What to produce: What is needed is an exact reproduction of the lines from the one that contains "8회초 1사 1,2루" through the end of the data, both included and nothing else, with pictures omitted.

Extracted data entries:
=======

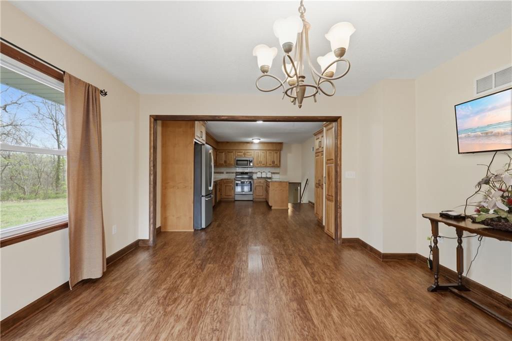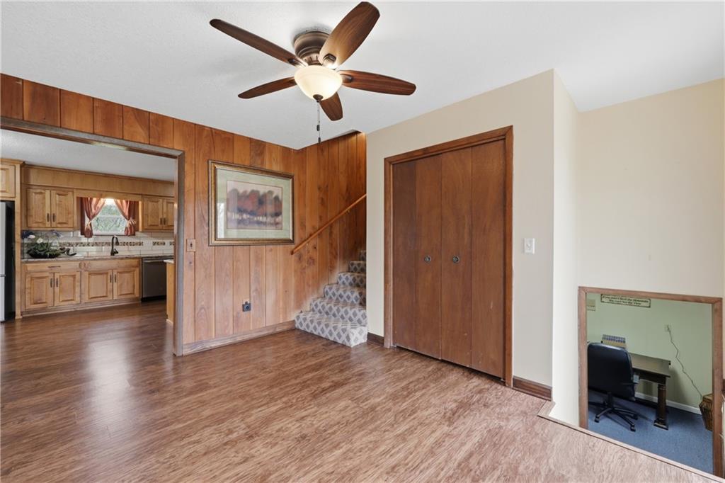 Nestled on 3.48 scenic acres, this 4 bedroom, 3 bathroom side-to-side split offers the perfect blend of privacy, space, and opportunity. Surrounded by mature trees with a peaceful pond on the property, this setting provides a quiet, country feel while still being conveniently located. Inside, you’ll find spacious living areas, a functional layout, and plenty of natural light throughout. The kitchen offers ample cabinet space and flows easily into the dining area, making it ideal for everyday living or entertaining. The finished lower level features a cozy fireplace and additional living space, perfect for a second family room, recreation area, or home office. Step outside and enjoy everything this property has to offer—from the expansive yard to the outbuilding/shop, providing plenty of room for hobbies, storage, or equipment. With nearly 3.5 acres, there’s endless potential for outdoor living, gardening, or simply enjoying the peaceful surroundings. This home is being sold AS-IS, making it a great opportunity for buyers looking to add their own personal touches and build equity in a beautiful setting. Don’t miss your chance to own acreage, a pond, and a home full of potential!
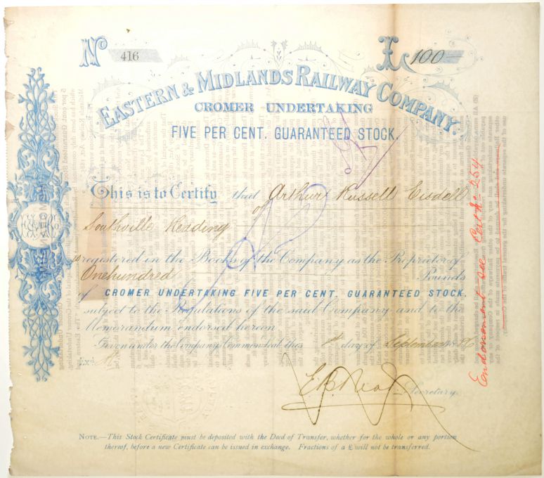 | Lot 351 | Category: Share CertificatesEastern and Midlands Railway, Cromer Undertaking, 5% Guaranteed Stock, £100, 1st September 1886, with seal. |
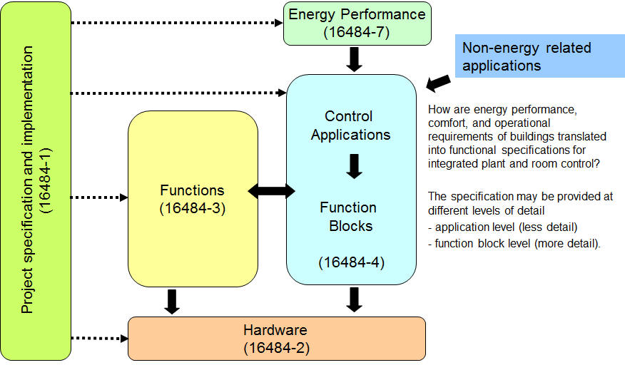 規格の全体構造は当初は明確に示されないままに、BACnet以外の課題の幹事団体であるCEN内部の進行状態や緊急度に基づいて構想され、規格化されていく中で、徐々に全体構造が明確化し、時にはPartの入れ替えも行われ、2015年段階で整理された、各Partの役割と関連とが下図のように明確になり、締めくくりとなるPart7とPart4の規格化に向けての最終努力が行われている。この二つ、、特にPart-7が長引いているのは、それが省エネルギーとの関係を定義するもので在るので、EUの省エネルギー政策(EPBD)の改正の状況を羽根井しているからである。 |
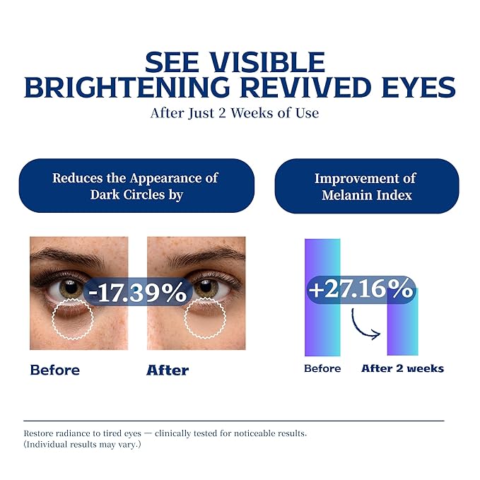 - Brightening Power – Niacinamide and Caffeine help reduce dark circles and puffiness, soothe tired skin, and brighten dull under-eyes for a more revitalized look.
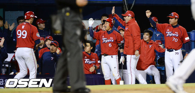 8회초 1사 1,2루 이범호의 2타점 2루타로 홈을 밟은 고영우와 필이 덕아웃에서 동료들과 기쁨의 하이파이브를 나누고 있다.
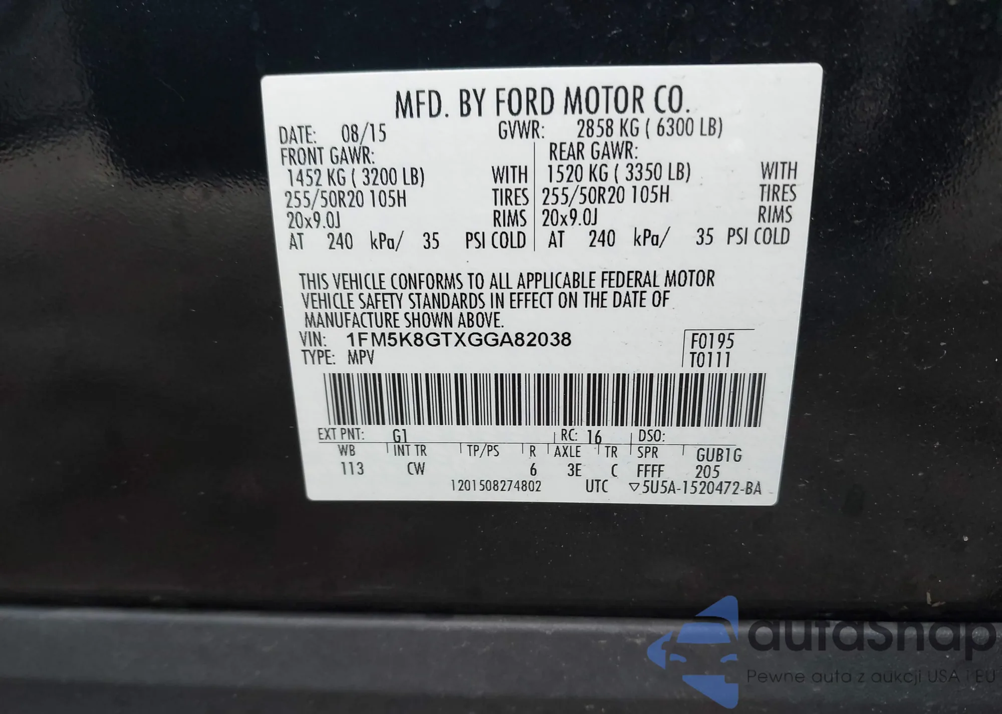 • VIN 1FM5K8GTXGGA82038

=======

Response:
 8회초 1사 1,2루 이범호의 2타점 2루타로 홈을 밟은 고영우와 필이 덕아웃에서 동료들과 기쁨의 하이파이브를 나누고 있다.
 • VIN 1FM5K8GTXGGA82038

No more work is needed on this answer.